Asanga’s Presentation of Fifty-one Mental Factors
A network of mental factors accompanies each moment of our mental consciousness. Some mental factors are always there. There’s a standard list of fifty-one that we find in the Indian author Asanga’s presentation. There are other presentations of it: there is one in Theravada, and Vasubandhu has another presentation. They overlap in many ways, although a few things are added or left out. What one needs to appreciate is that these fifty-one in the list that we’ll look at here is just the main ones. It doesn’t include everything.
The example that we can use for understanding that is a very large pie that we can divide into fifty-one pieces two ways. One is to divide the whole pie into fifty-one pieces and the other is to divide part of the pie into fifty-one pieces and then there’s a lot left over. The second example is more fitting to the presentation of fifty-one mental factors. This is because, for instance, they don’t include compassion. Obviously, compassion is a mental factor. Why the fifty-one that are there were chosen and others were left out, I really have no idea and have never seen an explanation of that.
The first time that I saw this list of mental factors, it was presented as a hundred or hundred and one.
I’ve never heard of a list with those numbers, but why not? However, it’s not in the standard Abhidharma texts. Everyone studies two Abhidharma texts, Abhidharmakosha by Vasubandhu and Abhidharmasamuccaya by Asanga. These are the main sources; the Theravada may have their own sources. Each of the eighteen schools of the original Hinayana have their own Abhidharmas. Each of them has a different listing of these mental factors as does the Bon tradition, many of which correspond to the Buddhist ones and several of which aren’t included in any of the Buddhist lists.
There are all these different presentations; nothing special. Of course, we will have different presentations; why not? There are 84,000 dharmas, things that can be known. Dharma is defined as something that holds its essential nature. A distinct thing that isn’t made into a solid thing. There are 84,000 – the number usually mentioned in the sutras – so why not a hundred and one.
I just got an email from someone in Russia asking for the list of the 84,000 [laughter]. I will have to disappoint him.
Five Congruent Features
As mentioned, a network of mental factors accompanies each moment of primary consciousness and shares five congruent features with the primary consciousness it accompanies. As taught in high school geometry, there are congruent triangles that share the same shape and angles and so on. Reviving high school geometry, we can use that word in that they share five things in common. Remember the analogy is the chandelier.
First, they share the same reliance. With the chandelier, the main bulbs and the little bulbs all around it all share the same electricity, all focused on the same object. It is a similar thing with the primary consciousness and mental factors. This is usually referred to as mind and mental factors, but it’s actually consciousness and mental factors.
They also all rely on the same cognitive sensor, the sensors, meaning, for instance, what senses that a light has been turned on or a door has opened. They are the photosensitive cells of the eyes, sound-sensitive of the ears, smell of the noise, taste of the tongue, physical sensation of the body except for fingernails, hair and hemorrhoids. I won’t tell you how I found that out. Just a little factoid to throw out at people. For the mind, the immediately preceding moment is the sensor or what’s called the dominant condition for the arising. It is the dominant condition that affects what is going to be a sight, sound, smell or taste. For the mind, it’s the previous moment that determines that the next moment is also going to be mental. With the mental factors, whether we’re talking about sense perception or just thinking, all the mental factors from the mental consciousness rely on the same cognitive sensor.
Next, they share the same object and are aiming at the same object. Let’s say the colored shapes, the little conglomerations of molecules or electromagnetic waves, also give rise to the same mental aspects, the mental hologram. They all give rise together to one mental hologram.
Next, they are occurring simultaneously, all at the same time.

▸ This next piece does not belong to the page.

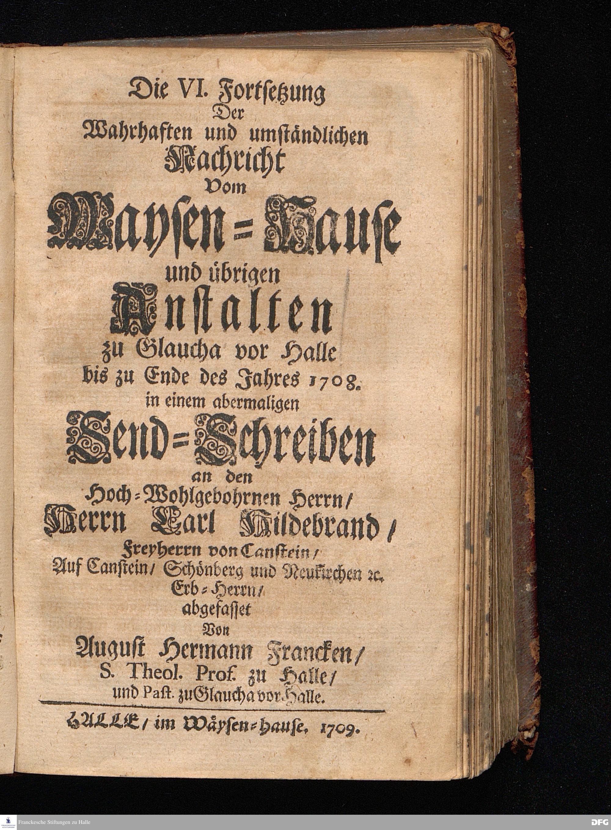 Segens=volle Fußstapfen des noch lebenden und waltenden liebreichen und getreuen GOttes / Zur Beschämung des Unglaubens und Stärckung des Glaubens entdecket durch eine wahrhafte und umständliche Nachricht von dem Wäysen=Hause und übrigen Anstalten zu Glaucha vor Halle: Welche im Jahr 1701. zum Druck befördert; ietzo aber zum dritten mal ediret / und bis auf gegenwärtiges Jahr fortgesetzet von August.Herm.Francken / S.Theol.Prof.und Past. Halle / in Verlegung des Wäysen=hauses / MDCCIX.

They also have what is called the same natal source, interpreted here as meaning that they have the same slant. In other words, they work harmoniously together. They all fit nicely together in that sense and share the same the same orientation. For example, we can’t have love and hatred at the same time. We can have a love-hate relationship but not exactly in the same one moment.
This are the mental factors and they share these five things in common, these five congruent features. Digest that for a moment. I think the analogy of the chandelier is quite helpful here.
Five Ever-Functioning Mental Factors
There are five ever-functioning mental factors that accompany every moment of mental activity. Depending on the system, one can say that there are ten there all the time; but in Asanga’s presentation, the second set of five are defined very specifically as just being focused on constructive objects, or when they themselves are constructive. This is taking a special case. However, Vasubandhu explains them as all ten being there all the time. All in all, the five are the most basic.
Feeling a Level of Happiness and Distinguishing
Of these five, two constitute their own aggregates. All the rest of them are thrown into the aggregate of other affecting variables. These two are distinguishing and feeling a level of happiness. The reason for that is that craving after feelings of happiness causes disputes among householders. They fight over what they like and what they want and so on. This is coming directly out of the Abhidharma text to explain why these two are specified as their own type of mental factor.
Feeling is very important because householders argue about that. Also, as explained before, because of our craving after happy feelings to make things secure, and with unhappiness, that we have to get rid of it, this activates karmic potentials. The feeling of happiness and unhappiness is therefore made into its own aggregate.
Distinguishing is its own aggregate. The reason that’s given is that distinguishing this view of reality from that view causes disputes among the monastics. Householders argue about money or whatever will give them more happiness, while monastics are debating about distinguishing philosophical views and that causes their arguments. Therefore, distinguishing is made into an aggregate all by itself. This also activates karmic potentials and is cause for further rebirth.
That’s why these two were made into aggregates by themselves. Thereby, our way of dividing the five aggregates isn’t symmetrical. As one of my Rinpoche friends once said “symmetry is stupid.” There’s no reason why things should be symmetrical. In this case, we have two aggregates that only have one item in them, and one aggregate that has an unbelievable number of items in it.
Distinguishing is sometimes translated as perception and sometimes as recognition. If we look at the definition, it is that it focuses on a defining characteristic mark, defining characteristic feature of an appearing object, a mental hologram, and differentiates it from what is other than it. Karma Kagyu has a special explanation about when and how it functions limited to conceptual cognition. If we think in terms of conceptual cognition, when we are perceiving, when we are looking, although we are seeing electromagnetic waves, a couple of microseconds later, the mind is making the appearance of whole objects. There are all these bodies and people and other things that are in our field of cognition.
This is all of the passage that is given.